Après l'histoire avec Hana, je n'ai plus fait confiance à personne. J'étais beaucoup trop déçu, brisé. Je n'en pouvais plus, j'étais fatigué de vivre sur le qui-vive, d'angoisser tout les jours pour savoir si j'allais dormir au chaud, si je n'allais pas me faire voler ou d'autres choses comme ça. J'avais perdu le peu de mon moral qui me restait. Et toujours aucunes nouvelles des recherches sur Elijah.Je m'étais trouvé un coin qui me coupait un peu du froid, dans une rue, blotti dans mon carton. J'avais réussi à en trouver un assez grand sur lequel je pouvais me coucher sans problème. Je faisais la manche, parfois, quand je n'étais pas trop épuisé.
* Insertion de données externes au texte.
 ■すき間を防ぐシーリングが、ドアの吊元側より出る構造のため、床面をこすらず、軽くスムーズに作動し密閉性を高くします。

Et puis je buvais, un peu et je fumais, beaucoup.
Combien de temps s'était écoulé depuis mon départ du foyer ? Je n'en savais rien. Peut être 6 mois, peut être plus, peut être moins.
Et puis, ce matin là, c'était le jour de mes 18 ans. Mon avenir était sensé être plein de promesse, mais là, je ne savais même pas si je tiendrais un mois de plus. Ce matin là, il pleuvait. Une pluie battante, qui ne laisse rien percevoir. J'étais allongé sous un porche sale et détrempé. Avec ce temps, mendier ne servait strictement à rien. Pourtant, alors que je frissonnai dans mes habits trempés, une mamie s'est avancée vers moi.
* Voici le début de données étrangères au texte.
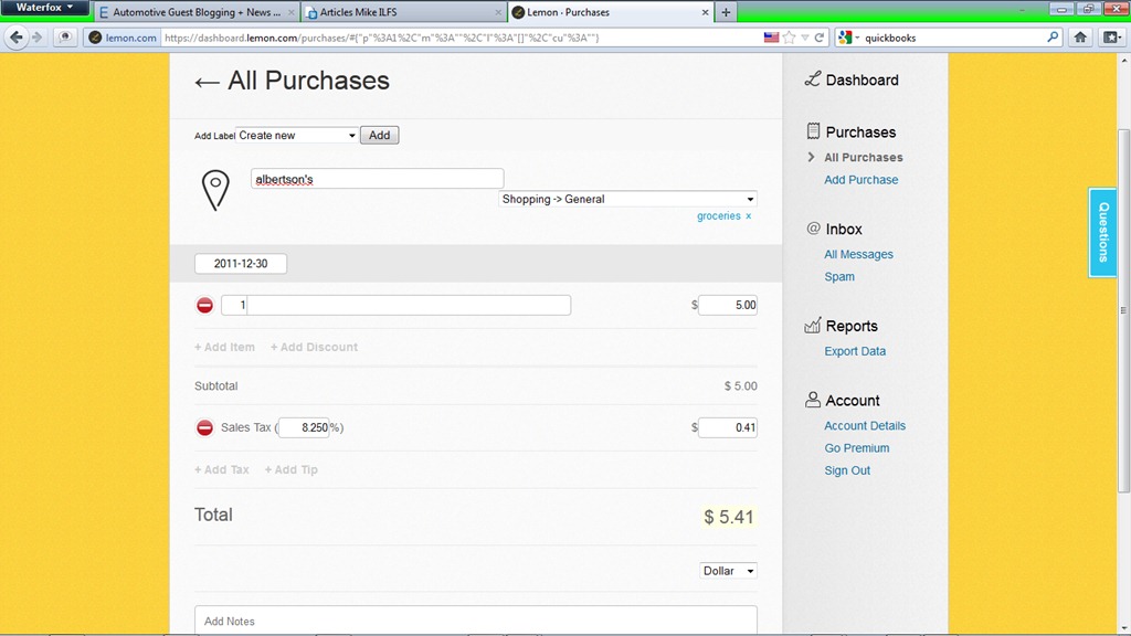 | Organize Receipts and Track Expenses Online: Lemon Posted: 08 Jan 2012 05:00 AM PST Lemon is a free service to organize receipts online and keep track of your expenses easily. Whether you itemize your deductions on your taxes, or you just like to know exactly when and where you spend your money, a program that helps you track your expenses is a good idea. Lemon is such a program. Limitations in Free VersionYou have three options with Lemon, the free version, and two premium versions, costing $49 and $99 a year ($4.99/month and $9.99/month, respectively). The free version of Lemon is advertising driven. That's to be expected. The free version gives you some features that are pretty helpful for the busy person in today's world. If you own a smartphone (Blackberry, Windows phone, iPhone, and Android), you can snap a picture of a receipt, and upload it to the Lemon website. It will be added to your receipt collection. You can also generate a spending report summary, capture specific information from your receipts, manually enter your receipts on the website, and a few other features, including a unique @Lemon.com email address. The ability to capture specific purchase details such as items purchased, taxes and tips paid, is reserved for only the high end $99 a year subscription. From what I've read in the Lemon forums, this is a recent change and has made many of their users, EX-users. With the increase in identity theft incidents, I'm hyper-vigilant when it comes to my financial details. I don't like the idea of giving purchase details to an unknown entity like this. Letting a commercial website know my spending habits is just asking to open my email account to mountains of spam, at the best, and waking up to find money missing at the worst. I track my expenses using Quicken and Quickbooks. Almost all of my spending is done using my Paypal card, so I get an email for every purchase I make. At the end of every day, I log those purchases into Quicken and Quickbooks and then I verify them on my Paypal account. Related posts:

-Jeune homme vous m'entendez ?
J'ouvre les yeux et la regarde. Je me redresse lentement en position assise. Je passe une main dans mes cheveux noirs. C'est une vieille dame aux cheveux gris et au joli chemisier rose et blanc.
-Vous allez bien ? Quel âge avez vous ?
-18 ans..Elle me regarde, attristée et se met à fouiller dans son portefeuille. Elle me tend deux gros billets de 20 €. Je manque de m'étouffer et les larmes me montent aux yeux.
-J-je ne peux pas accepter, c'est bien trop !
-Mais si, allez y, vous en avez plus besoin que moi !Je déglutis, la gentillesse de cette dame me va droit au coeur. Elle me tend alors la main.
-Puisque vous ne voulez pas accepter, laissez moi, au moins vous offrir quelque chose à boire et à manger ! Venez.
Je me met debout, ramasse mes affaires et la suis. Mon ventre vide me fait mal. On arrive dans un petit café et on s'installe vers le fond sur une banquette rouge. La chaleur s'infiltre doucement en moi. Je suis très mal à l'aise. Je n'ai rien à faire ici. Je garde la tête baissée. Mes mains tremblent et je peine à me tenir droit.
La dame commande un sandwich chaud et deux boissons. J'essaie de manger lentement pour savourer mais la faim est trop forte. Elle me regarde manger.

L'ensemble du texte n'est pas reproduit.